§ **Activity**: From the records that follow, return exactly the lines beginning at the one that contains "华中科技大学图书馆馆员张晓丹" and ending at the one that contains "TEMU 7pcs 전문가용", pictures left out.

§ **Material for the task**:
##########

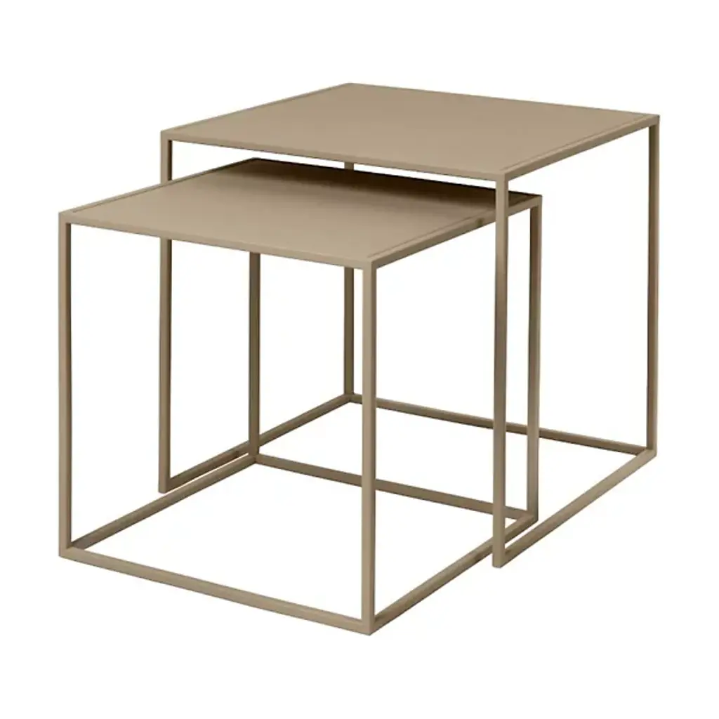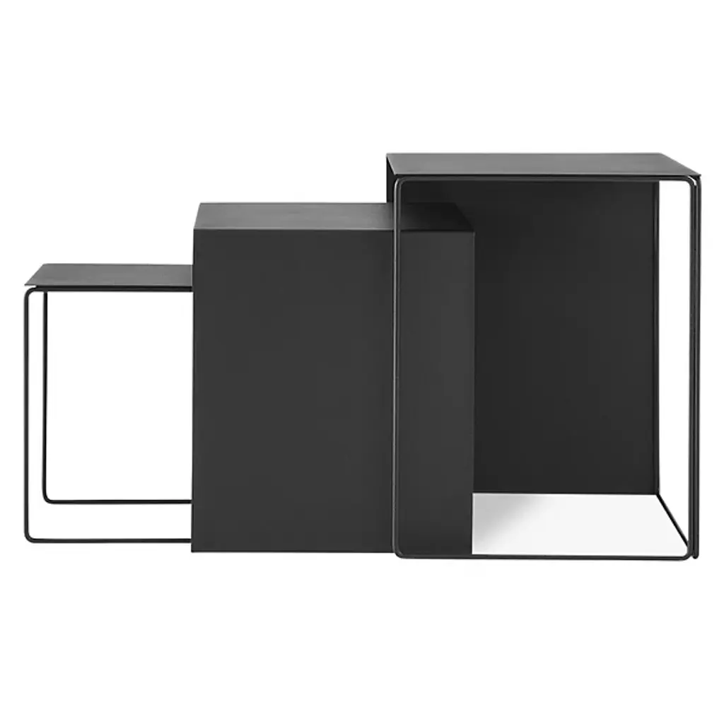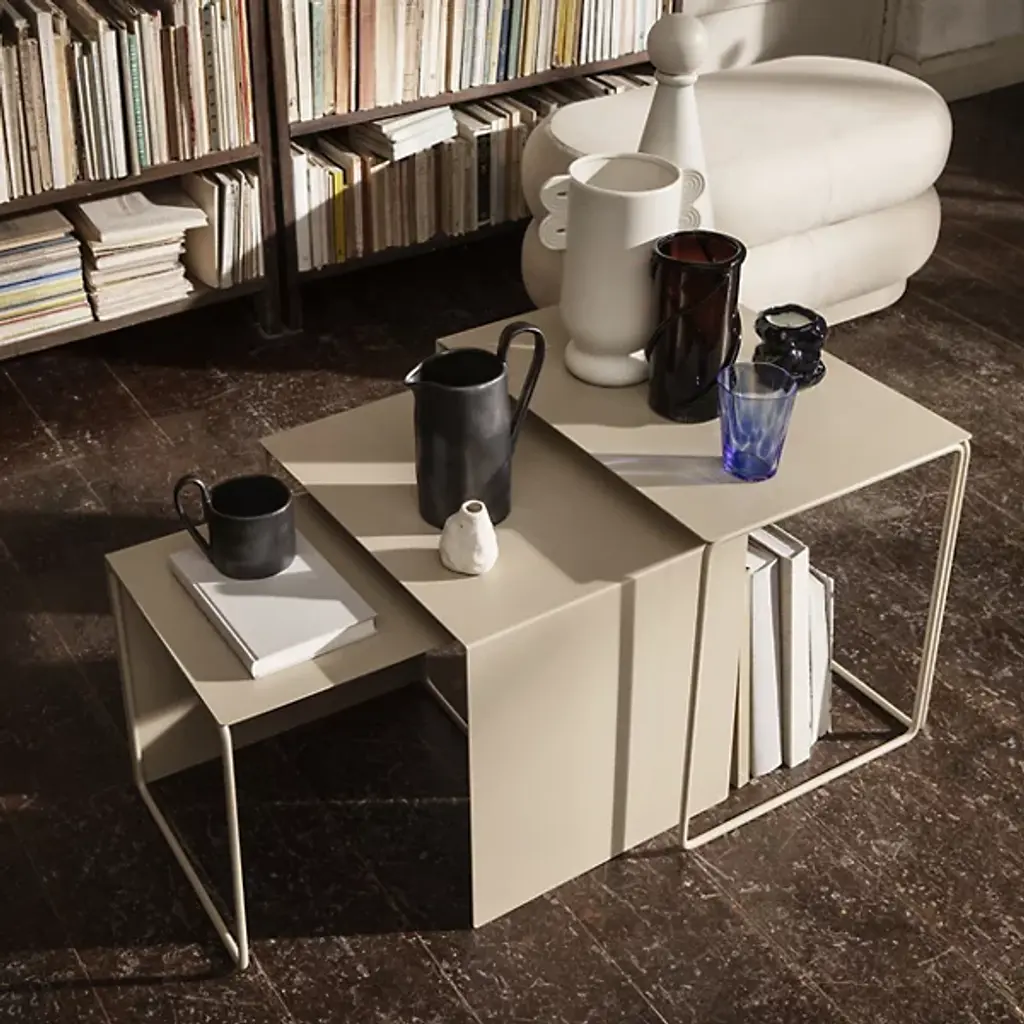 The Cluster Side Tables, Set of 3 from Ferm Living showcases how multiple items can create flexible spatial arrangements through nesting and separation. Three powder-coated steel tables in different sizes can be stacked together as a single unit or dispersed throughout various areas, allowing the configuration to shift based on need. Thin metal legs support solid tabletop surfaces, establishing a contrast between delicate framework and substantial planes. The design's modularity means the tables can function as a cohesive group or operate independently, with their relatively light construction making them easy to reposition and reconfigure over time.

##########

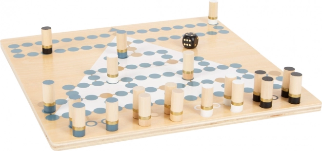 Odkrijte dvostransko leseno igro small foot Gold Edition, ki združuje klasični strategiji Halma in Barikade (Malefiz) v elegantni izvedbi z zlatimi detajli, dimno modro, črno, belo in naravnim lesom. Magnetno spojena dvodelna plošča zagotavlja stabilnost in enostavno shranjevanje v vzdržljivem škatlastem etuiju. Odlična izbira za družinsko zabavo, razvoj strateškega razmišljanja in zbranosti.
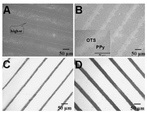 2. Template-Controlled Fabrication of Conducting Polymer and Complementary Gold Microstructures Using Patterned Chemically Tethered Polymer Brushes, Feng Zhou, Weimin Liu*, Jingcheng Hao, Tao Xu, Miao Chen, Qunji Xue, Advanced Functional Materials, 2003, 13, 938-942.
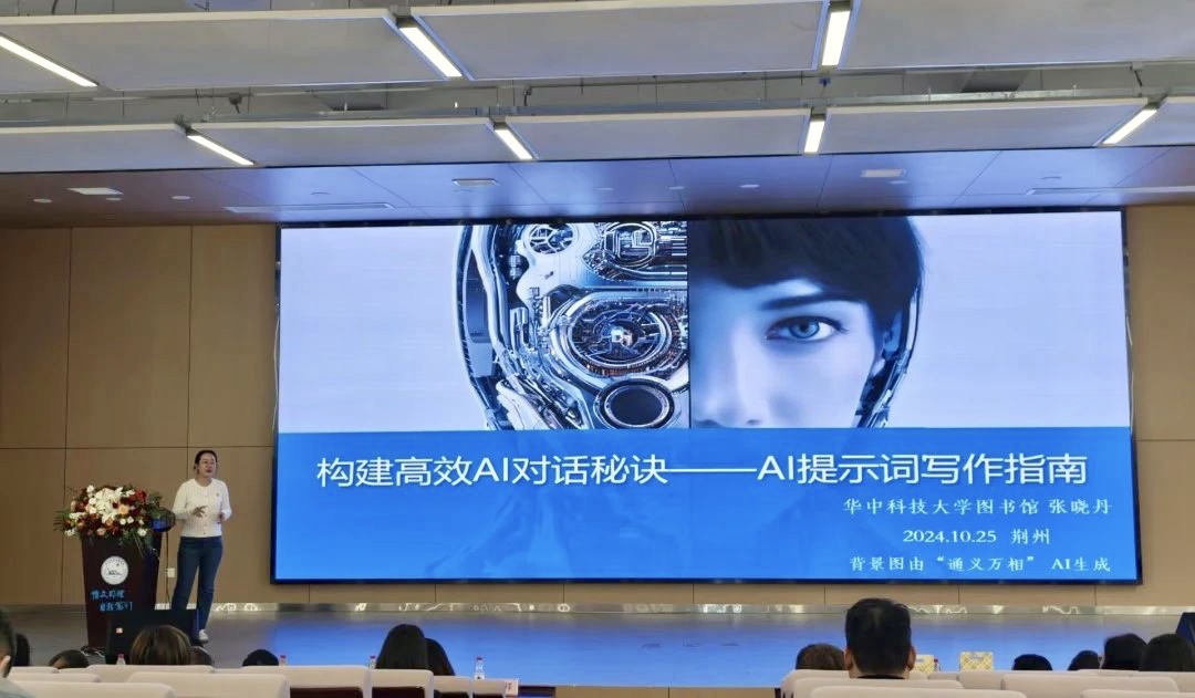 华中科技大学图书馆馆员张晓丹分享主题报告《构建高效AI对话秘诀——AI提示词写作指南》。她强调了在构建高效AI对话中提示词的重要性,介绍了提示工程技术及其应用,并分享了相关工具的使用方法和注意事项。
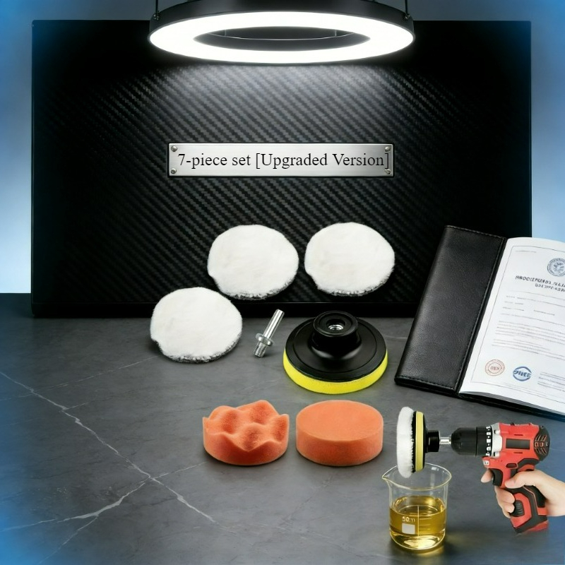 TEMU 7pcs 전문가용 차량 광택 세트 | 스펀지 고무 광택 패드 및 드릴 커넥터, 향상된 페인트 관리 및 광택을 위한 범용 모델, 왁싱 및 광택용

##########

§ **Result below**:
 华中科技大学图书馆馆员张晓丹分享主题报告《构建高效AI对话秘诀——AI提示词写作指南》。她强调了在构建高效AI对话中提示词的重要性,介绍了提示工程技术及其应用,并分享了相关工具的使用方法和注意事项。
 TEMU 7pcs 전문가용 차량 광택 세트 | 스펀지 고무 광택 패드 및 드릴 커넥터, 향상된 페인트 관리 및 광택을 위한 범용 모델, 왁싱 및 광택용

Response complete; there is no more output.